Even in these piping times of peace (peace as far as our own borders are concerned, at any rate)—there is a relish in a war story. And when the scene is laid right here in Georgia, in Decatur, in Atlanta; when familiar names come up in the course of the narrative, and familiar events are pictured by an honest eye-witness; when all through the little volume you feel the truthfulness of the writer, and know that the incidents she narrates happened just so; when, too, you see the writer herself—see her to be an old lady now, who really was a heroine in her young days; and then read the simple, personal narrative—now stirring, as the battle-guns sound—now touching, as some dear one falls; with all this combination of interest, a war story claims and holds the attention.
Such is the little book, called “Life in Dixie,” written by Miss Mary Gay, and telling of those stirring times in and about Atlanta, back yonder in the sixties.

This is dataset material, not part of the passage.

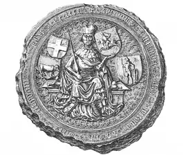 Vytautas had been frustrated by Jogaila's Polish arrangements and rejected the prospect of Lithuania's subordination to Poland.[62] Under Vytautas, a considerable centralization of the state took place, and the Catholicized Lithuanian nobility became increasingly prominent in state politics.[63] The centralization efforts began in 1393–1395, when Vytautas appropriated their provinces from several powerful regional dukes in Ruthenia.[64] Several invasions of Lithuania by the Teutonic Knights occurred between 1392 and 1394, but they were repelled with the help of Polish forces. Afterwards, the Knights abandoned their goal of conquest of Lithuania proper and concentrated on subjugating and keeping Samogitia. In 1395, Wenceslaus IV of Bohemia, the Order's formal superior, prohibited the Knights from raiding Lithuania.[65]

There are some vivid pictures in that modest little volume, as well as some interesting facts. Miss Gay was in the thick of the strife, and tells what she saw in those dark days.
Among the well-known characters, associated with the recorded events, we find Mrs. L. P. Grant, Mr. and Mrs. Posey Maddox, Dr. J. P. Logan and many others.
A most interesting fact disclosed in those pages is the surprising one that two sisters of Mrs. Abraham Lincoln married Alabama officers in the Confederate army; there is recorded the public presentation, by those two ladies, of an elegant silk banner made for a gallant young company in Georgia’s daughter-State. Thus conspicuous were those women in the Southern Confederacy, while their sister and her dearest interests lay on the other side.
Another matter of history which will be interesting to the present generation of readers, however much we may have read of the mammoth prices for the necessaries of life in those hard days, is the following list of articles, with the cost thereof in Confederate money, bought by Miss Gay, after a ride of forty miles to obtain them:
One bushel of meal, $10.00; four bushels of corn, $40.00; fifteen pounds of flour, $7.50; four pounds of dried apples, $5.00; one and a half pounds of butter, $6.00; a bushel of sweet potatoes, $6.00; three gallons of syrup, $15.00; for shoeing the horse, $25.00; for a night’s lodging for self and horse, at Mrs. Born’s, $10.00.
Then, the vehicle in which the trip for these supplies was made!
It was contrived by “Uncle Mack,” a dusky hero of those times. “It was a something he had improvised which baffled description,” writes Miss Gay, “and which, for the sake of the faithful service I obtained from it, I will not attempt to describe. Suffice it to say that it carried living freight over many a bridge; and in honor of this, I will call it a wagon.”
The horse, which the author herself captured to draw this remarkable vehicle, was equally remarkable, and his subsequent history is one of the most interesting bits of narrative in the book. I wish I could give it all in Miss Gay’s own words, but my space does not admit of that.